# Stud Pin Fish



## Butler879

So I am fishing at my secret location, not the 3 mile bridge. I'm using 4/0 hooks with cut minheaden try to find some snapper when I get I a hit. This sucker starts running of line.. Well ok, he didnt run any line off, but he did shake the the tip A good bit. I pull him in the boat and it is the biggest punish I had ever seen. Wish I could fill my trap with these suckers.


----------



## Butler879

Pic


----------



## MrFish

Caught one off of 28 mile barge, a few years back, that almost went 2 pounds.


----------



## keperry1182

Ive caught a few pigs in one of the deep holes right off the beach at NAS. It always suprises me how much fight they have in them. We always joke about the ifga record pinfish, looks like a contender.


----------



## BlackJeep

Caught this beast at 3 mile last year


----------



## Fisher Belac

Those are some monster pin fish guys!


----------



## Cornflake789

Around Alleghaney Pier on NAS there are some straight monsters, I wish I could find the photo of a 16incher I got lying next to a black drum for size comparison


----------



## reelthrill

Years ago we were snapper fishing about five miles off shore and my son caught a monster pinfish. We actually had it recognized as an IGFA world record at that time.
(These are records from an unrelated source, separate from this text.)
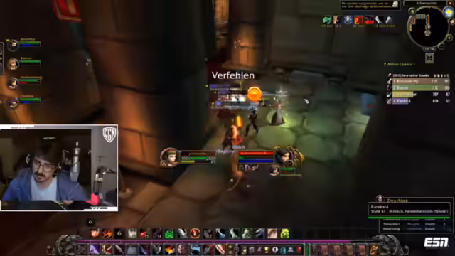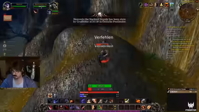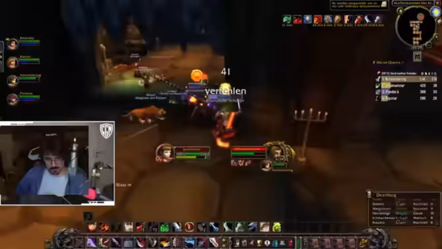 00:10:01Der Streamer plant Dungeon-Läufe (Verlies/Deadmines) und sucht nach Mitspielern. Rotkamm wird als Quest-Gebiet favorisiert, während Ashton-Teil/Darkshore als unattraktiv eingestuft wird. Es folgen Diskussionen über Level-Anforderungen für Dungeons (28+ für Verlies) und Quest-Herausforderungen wie Rattenfell-Anhänger in Elite-Gebieten. Der Streamer erkundet Elite-Mobs und deren Respawn-Zeit, wird jedoch überfallen und überlebt knapp. Ein Clip wird erwähnt, und ein Gegenschlag-Spell wird als mächtig identifiziert, was zu Verwunderung führt.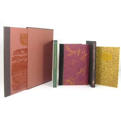 Russell, Richard A History of the Marlborough College Press, 1984. 8vo, one of twenty copies bound in blue goatskin, gilt, slipcase; O'Connor, John Knipton, A Leicestershire Village, 1996. Folio, limited edition, original quarter cloth over printed boards, slipcase; [Various Authors] A Garland for the Laureate. Stratford-upon-Avon: [Whittington Press, for the] Celadine Press, 1981. 8vo, limited edition, original quarter cloth over marbled boards; Reeves, James Arcadian Ballads, 1977. 8vo, one of 50 copies bound in blue morocco gilt by Weatherby Woolnough and signed by the author and illustrator (Edward Ardizzone), slipcase; Thomas, Helen A Visit to William Morris, 1979. 8vo, limited edition, original paper wrappers (5)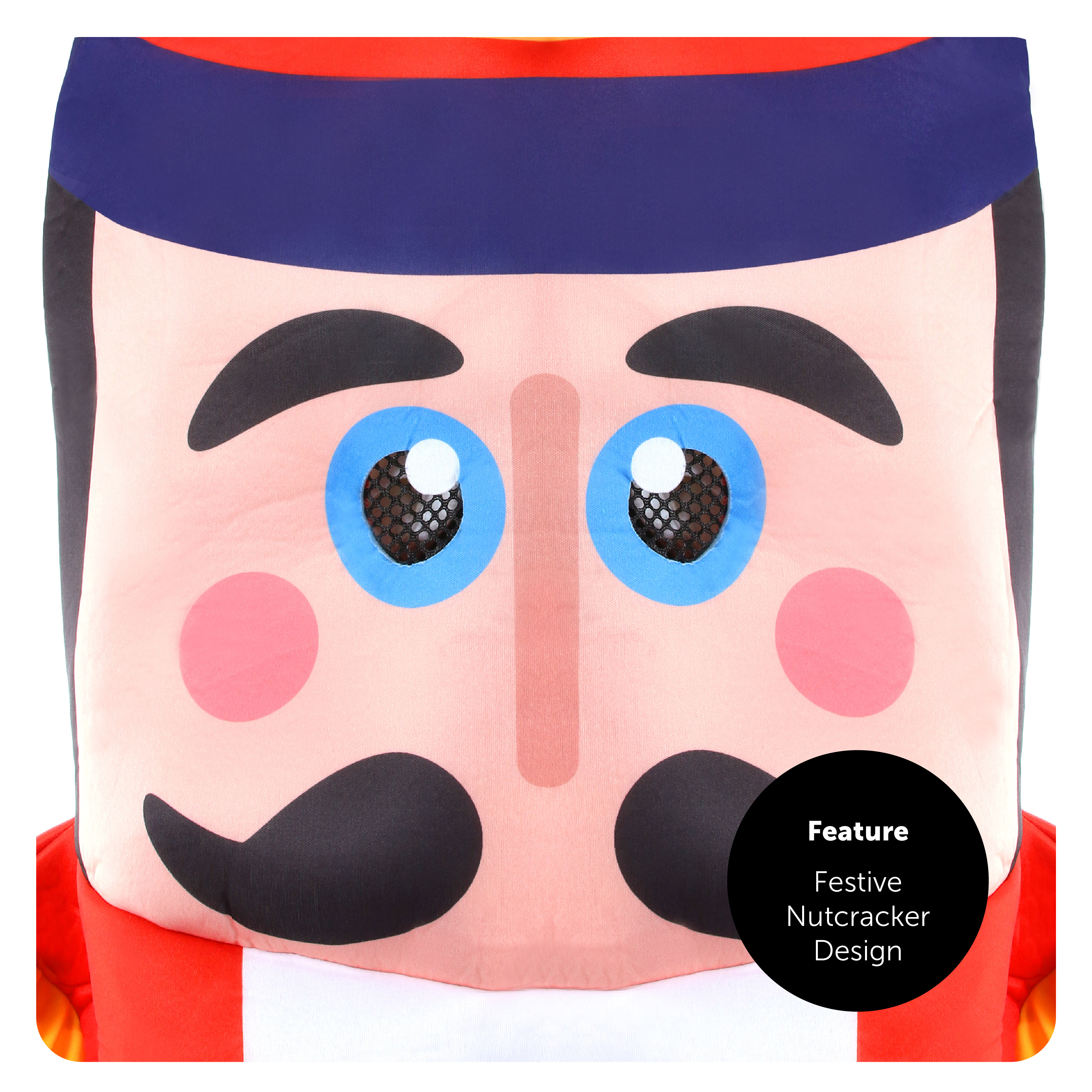 AVAILABLE IN ONE SIZE: Your Adults Christmas Nutcracker Mascot Costume is a one-size-fits-most costume, measuring 60” in length, and 52" in Width, this Christmas Nutcracker Mascot should be a perfect fit for most adults!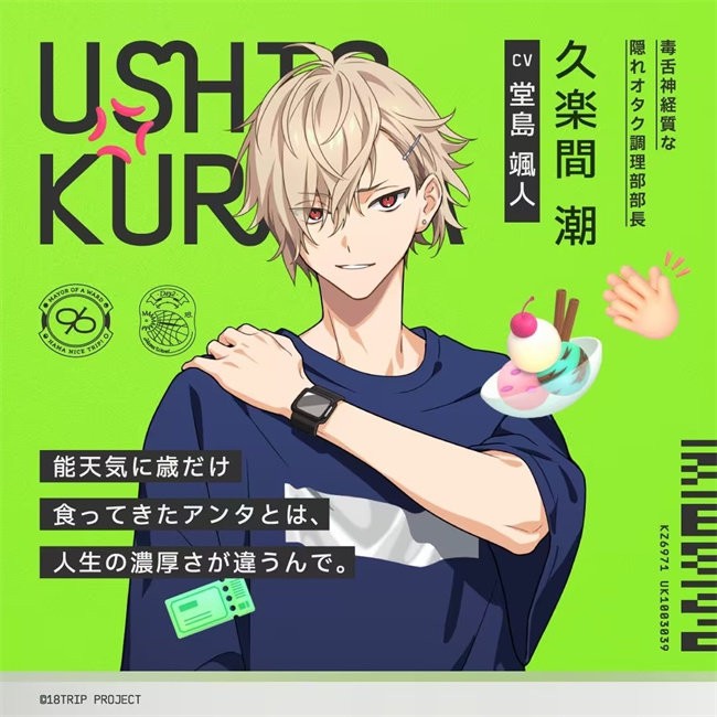 久乐间潮是HAMA9区长,滨明日桧高中二年级学生,烹饪部部长。性格毒舌神经质,是隐藏的阿宅,但制作的巧克力点心非常美味。除了发小8区长宗氏外,从未对任何人打开过心房。生日为3月10日,年龄16岁,身高175cm,属于Day2队伍。由堂岛飒人配音。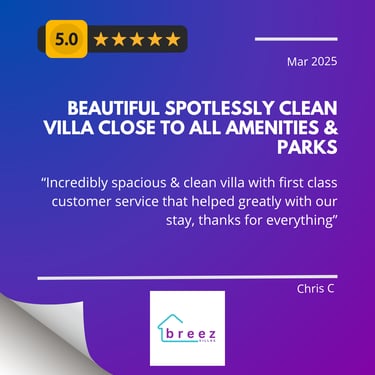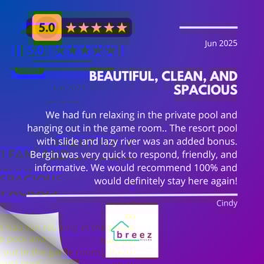 Breez Villas is proudly listed on leading vacation rental platforms including Airbnb, Vrbo, Expedia, Hopper, Google Vacation Rentals, and our official website, BreezVillas.com. Choose the platform you trust most.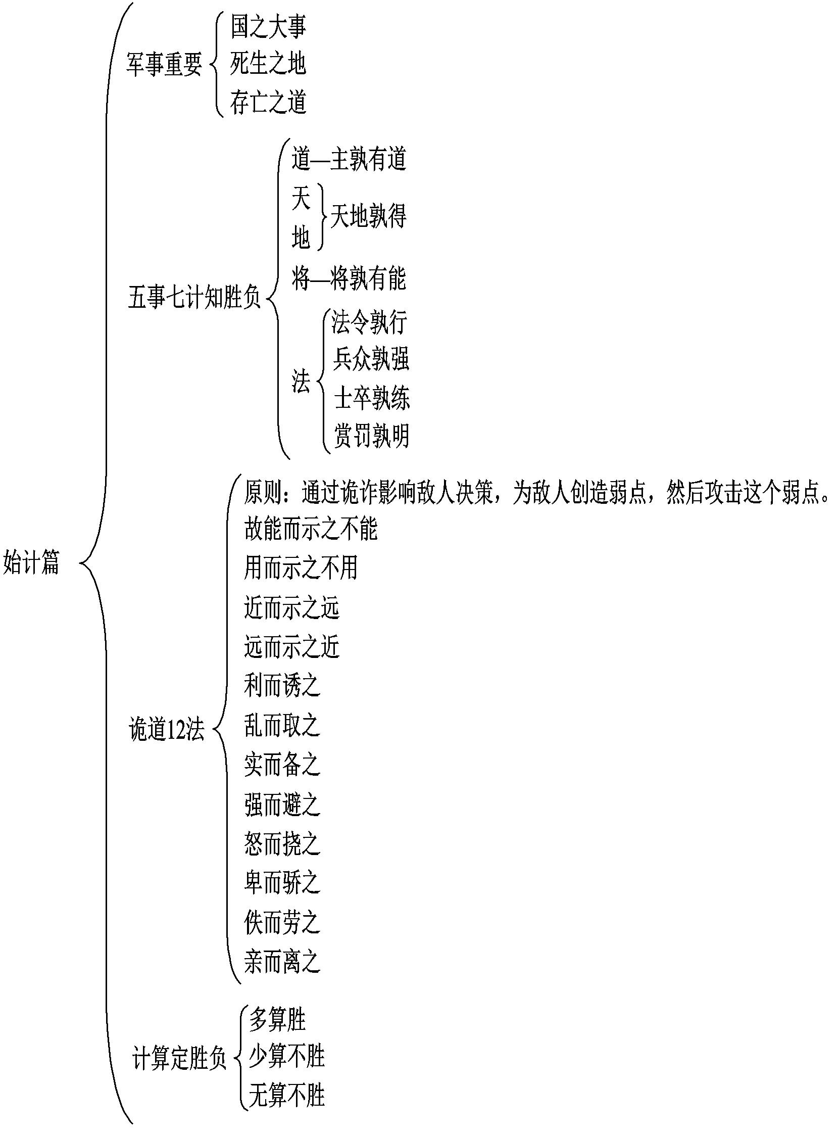 《始计》篇是《孙子兵法》的第一篇,分为四章,第一章讲军事重要,战争与和平时都需要仔细省察。第二章讲五事七计知胜负。第三章讲诡诈12法,诡道的原则是:通过诡诈影响敌人决策,为敌人创造弱点,然后攻击这个弱点。第四章讲先计后战。计算胜者可以战,计算不胜则推迟决战,直到有把握时再决战(如图1所示)。

We had the fish mounted and it was 16 inches long!


----------



## off route II

here's one my cousin caught a few years back at FWB


----------



## WW2

I'd eat the hell out of those. lol


----------



## coolbluestreak

Not as big as some but I was surprised to foul hook one on a crank bait, I couldn't figure out what kept short striking my lure.


----------



## Telum Pisces

Heck, I'd filet that bad boy and throw it in some grease.


----------



## Boat-Dude

Got this off ft pickens off a Ly. Finger licking good !!!


----------



## Fisher Belac

Pier-Dude said:


> Got this off ft pickens off a Ly.


Now this is a pin fish! Dang dude. Nice catch.


----------



## mackdaddy06

Capt brant had the record pinfish back when we were in school. Maybe he will post a pic if he has one


----------



## Butler879

Who knew so many people had pictures of their huge pinfish. Now mine looks small!


----------



## SouthAlabamaSlayer

Wait, there's an IFGA pinfish? Screw eating them! I'm getting in the record books!


----------



## MrFish

SouthAlabamaSlayer said:


> Wait, there's an IFGA pinfish? Screw eating them! I'm getting in the record books!


Yep. States don't recognize them, but IGFA does. All tackle is somewhere north of 3 lbs.


----------



## BentStraight

I caught a 16 incher years ago at the Three Barges and we decided to see what it tasted like . . . it was truly AWFUL, tasted like iodine!


----------



## keperry1182

I had no idea IFGA recognized pinfish. I was totally joking about that. 3lb pinfish would make a fine grouper bait hahahaha


----------



## Boat-Dude

BentStraight said:


> I caught a 16 incher years ago at the Three Barges and we decided to see what it tasted like . . . it was truly AWFUL, tasted like iodine!


Okay!


----------



## JoshH

weve caught a few 12+ inchers on the flats


----------